In The Dyer’s Hand (1962), W. H. Auden noted that implausibility is the stuff of opera. Librettists revel in shopworn stage conventions—selected villains and nobles, cross-dressers and crossed identities, fluently managed hide-and-seek, violence and the rough stuff just at the right moment. Few operas take this to the extreme of Alban Berg’s Lulu. It stretches plausibility and even melodrama to the breaking point. But Lulu is more than just an expressionist experiment; it is also a commentary on opera’s melodramatic clichés, ironically gesturing toward many an opera past. In a very low bow to Da Ponte and Hoffmansthal, for example, Lulu features a “trouser” role.
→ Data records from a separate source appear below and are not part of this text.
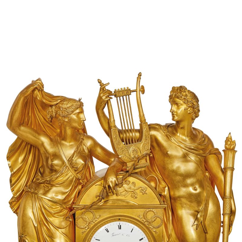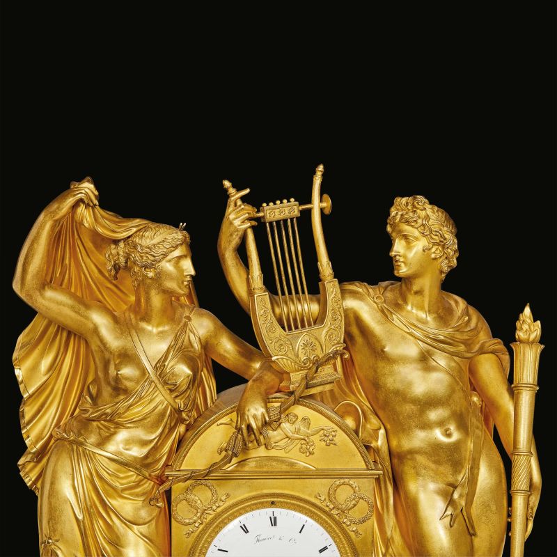 in bronzo dorato raffigurante Apollo e Diana, stanti ai lati della cassa di forma architettonica ornata agli angoli da doppia corona legata da nastri, quadrante smaltato con numeri romani firmato Thomire & Cie e Moinet ainé Hr., su base a plinto ornata sul fronte da fregio a torcere dalle quali si dipartono festoni che inquadrano motivi decorativi classici, cm 67x55x19,5
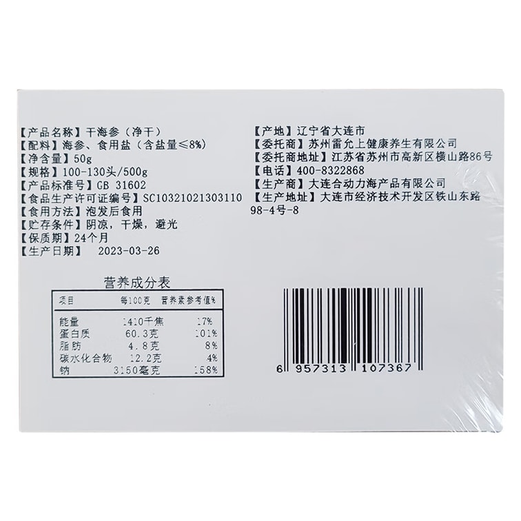 【中国直送】雷雲商 乾燥ナマコ 50g 乾燥ナマコ、遼ナマコ海産物、塩分≤8%
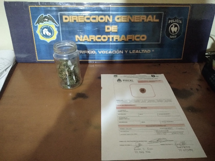 Atento los hechos, se procedió a la consulta con la Fiscalía Federal Jujuy, quien autorizo se realice la requisa correspondiente, encontrando un frasco con sustancias, que, tras realizar las pruebas de campo correspondientes, arrojo como resultado positivo de marihuana.
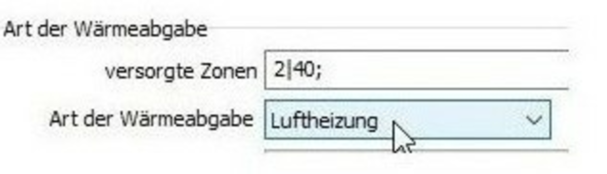3. Ein weiterer Heizkreis ist zu definieren, so dass ein Umluftbetrieb bzw. das Heizen über die Lüftungsanlage (wenn vorhanden) beschrieben wird. Leider lässt sich das nur annähernd, aber ausreichend zielgenau mit der Art der Wärmeabgabe über "Luftheizung" darstellen (die Auswahl zu Gebläsemotor und Luftauslass gehen nicht relevant in die Berechnung ein).
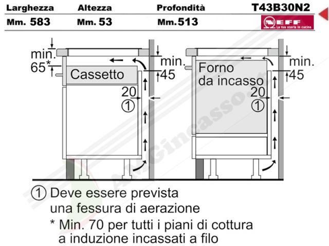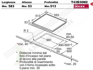 T43B30N2 - Piano Cottura 60 incasso cucina Neff T43B30N2 in vetroceramica induzione con comandi integrati
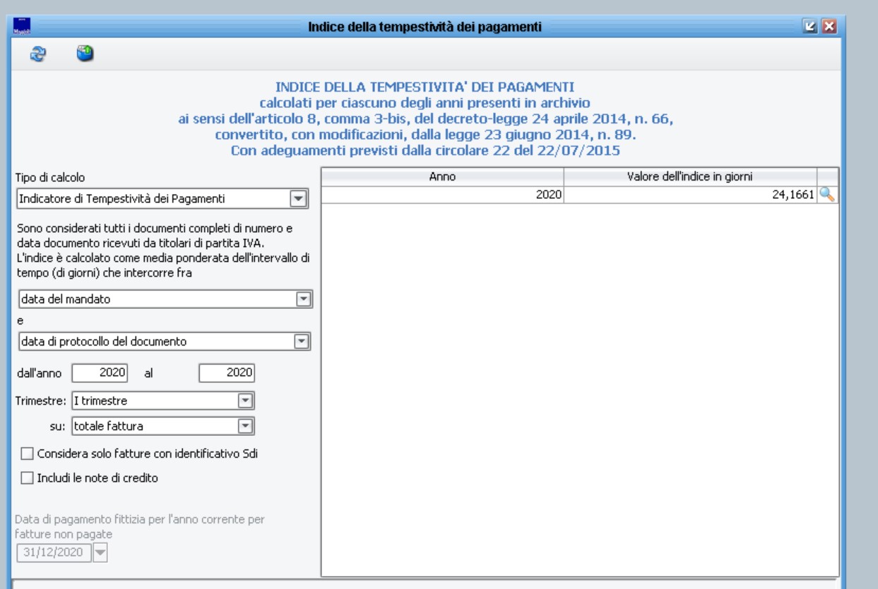 L'Indice è calcolato per ciascun anno a norma dell'art. 9 della L. 102 del 03.08.2009; sono considerati tutti i documenti completi di numero e data ricevuti dai titolari di partita iva. L'Indice è calcolato come media in giorni dell'intervallo di tempo che intercorre fra la data di registrazione del documento e la data del mandato di pagamento.
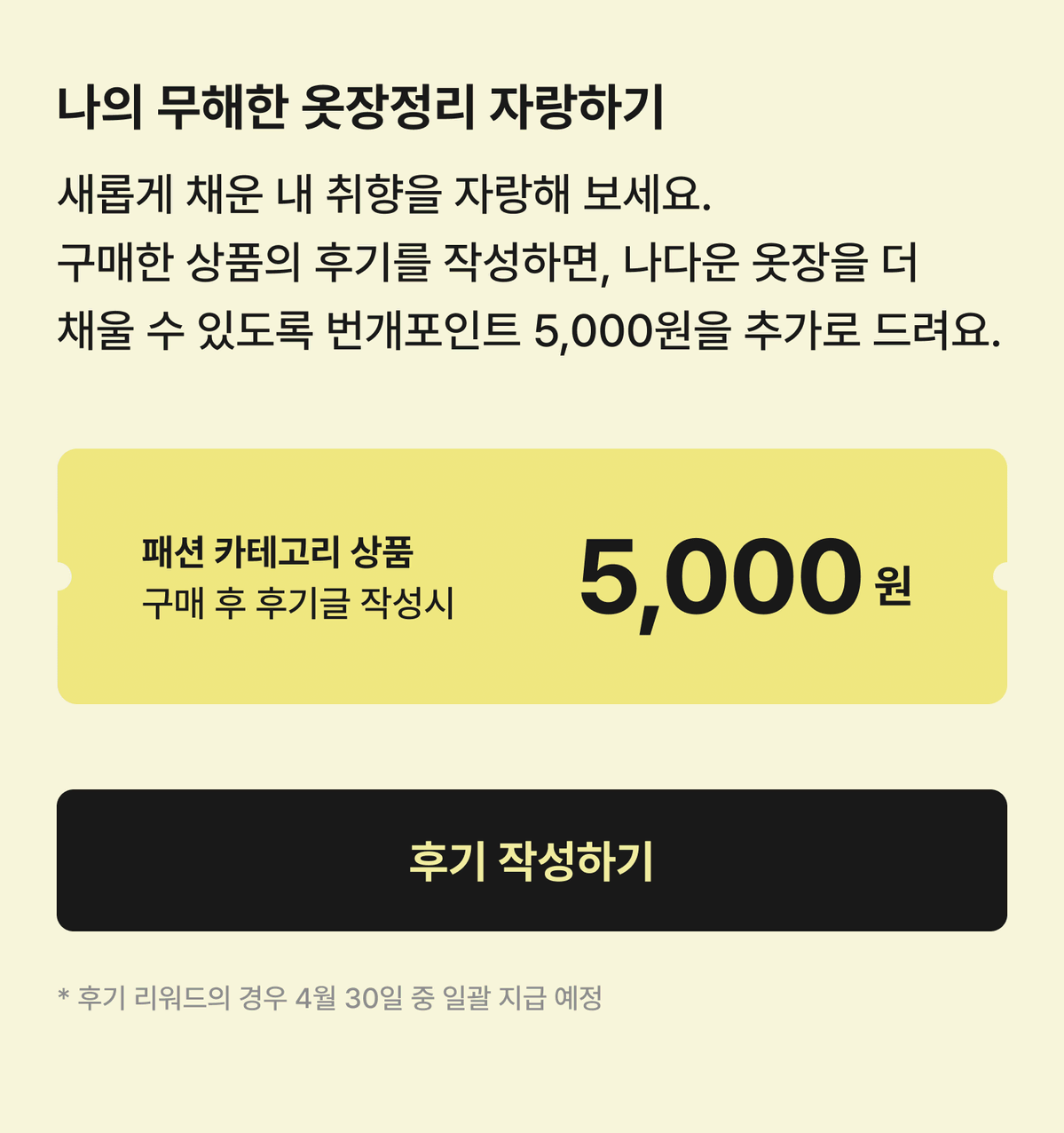 나의 무해한 옷장정리 자랑하기: 패션 카테고리 상품 구매 후 후기글 작성 시 번개포인트 5,000원을 추가로 드립니다!

The libretto was drawn from two dramas by Frank Wedekind. Lulu is a young low life from some German city, without genealogy or credentials. She is called Lulu most of the time, but is also known variously as Eve, Nelly, and Mignon. She exercises the hypnotic, sultry allure commanded by Dietrich’s Blue Angel, but is less throaty and mannish; the role is for a coloratura, reaching up to a high “D.” On the way up in society, her stage demeanor is implacably thoughtless and flighty; on the way down, she is robotic, with ever more perceptible traces of the tragic.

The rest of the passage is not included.